Low BMI rather than being a risk factor could be a reflection of reverse causation, there being increasing awareness that there may be a long prodrome to Crohn’s disease (CD). Seroconversion to yeast antigens and elevated inflammatory markers are found up to 15 years before diagnosis11,12,13. There is no corresponding similar evidence for ulcerative colitis (UC).

The lack of association of low BMI with risk of CD in a large study of children8 raises the possibilities that either changes in physiology and immune function, sub-clinical disease onset, or changes in risk factor profile, notably initiation of smoking, occurring at the time of puberty, could possibly explain the association with adult risk.

We had the unique opportunity to study a large nationally representative cohort of Danish young men, to assess the association of BMI with future risk of CD, for the first time prospectively in men. The possible effect of smoking was modelled in a sensitivity analysis.

Results

Among the 377,957 men available for inclusion in the study, the mean (SD) age at conscription board examination was 19.9 (1.7) years and the mean (SD) BMI was 21.8 (2.5) kg/m2. At this time, 6% were underweight, 85% were normal weight, 8% were overweight, and only 1% were obese. The descriptive statistics of the study population are presented in Table 1.

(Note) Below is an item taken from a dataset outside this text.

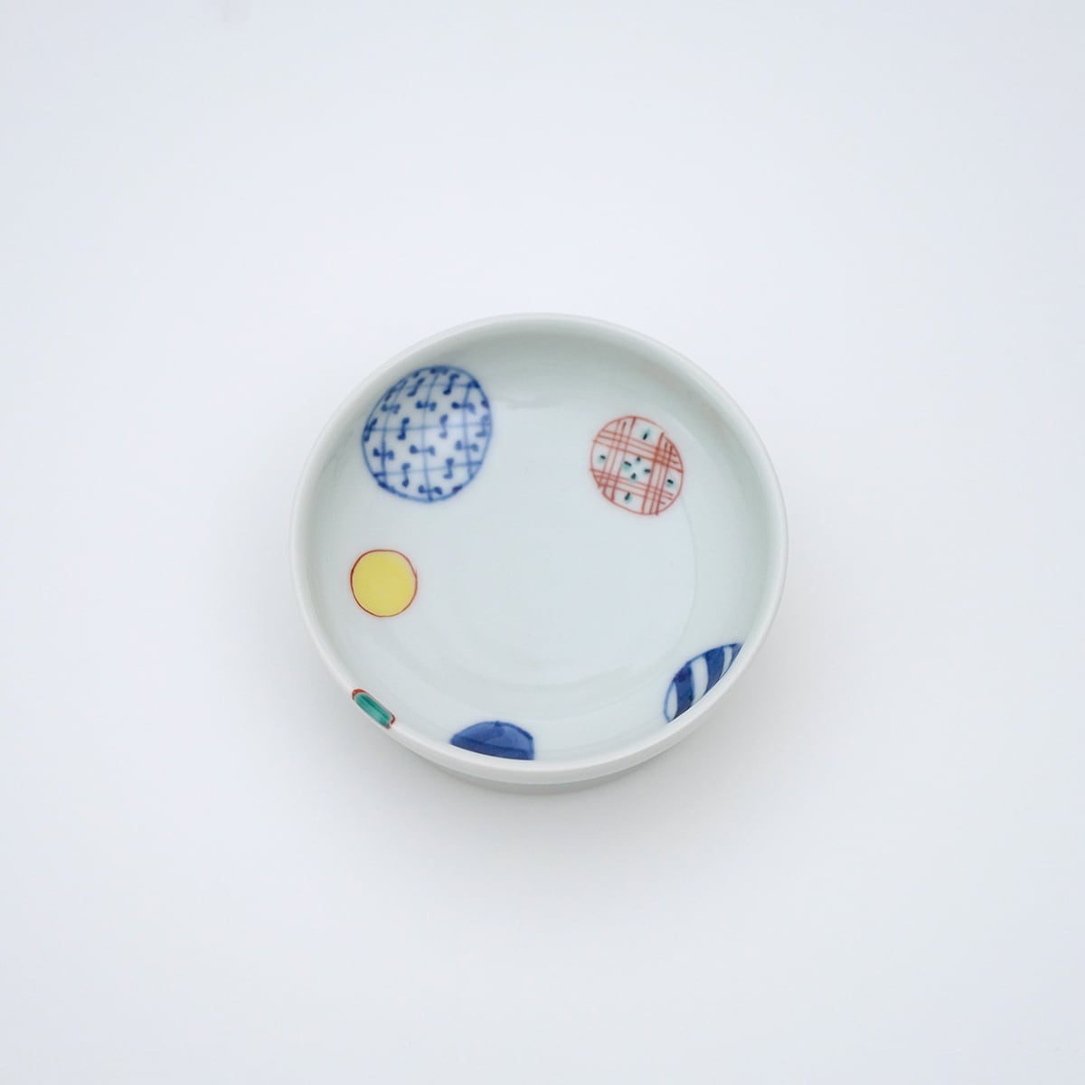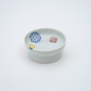 染錦地紋丸紋8.5cm高台小皿

Table 1 Characteristics of study population at time of conscription board examination.

Risk of Crohn’s disease and ulcerative colitis

During around 13 million person-years of follow up, 1,523 men were diagnosed with CD at a mean (SD) age of 47.0 (13.0) years, and 3,323 men were diagnosed with UC at a mean (SD) age of 49.7 (12.0) years.

The median (IQR) time from conscription board examination to diagnosis of CD was 27.7 (6.1; 47.4) years and the median (IQR) time from the examination to diagnosis of UC was 31.3 (8.0; 48.3) years. There was no statistically significant difference in time to diagnosis of CD (P = 0.2) or UC (P = 0.9), between underweight, normal weight, overweight, and obese cases.

BMI categories

We further investigated the association between BMI and, respectively, CD and UC, by using BMI as a categorical variable of underweight, normal weight, overweight, and obesity (Table 2).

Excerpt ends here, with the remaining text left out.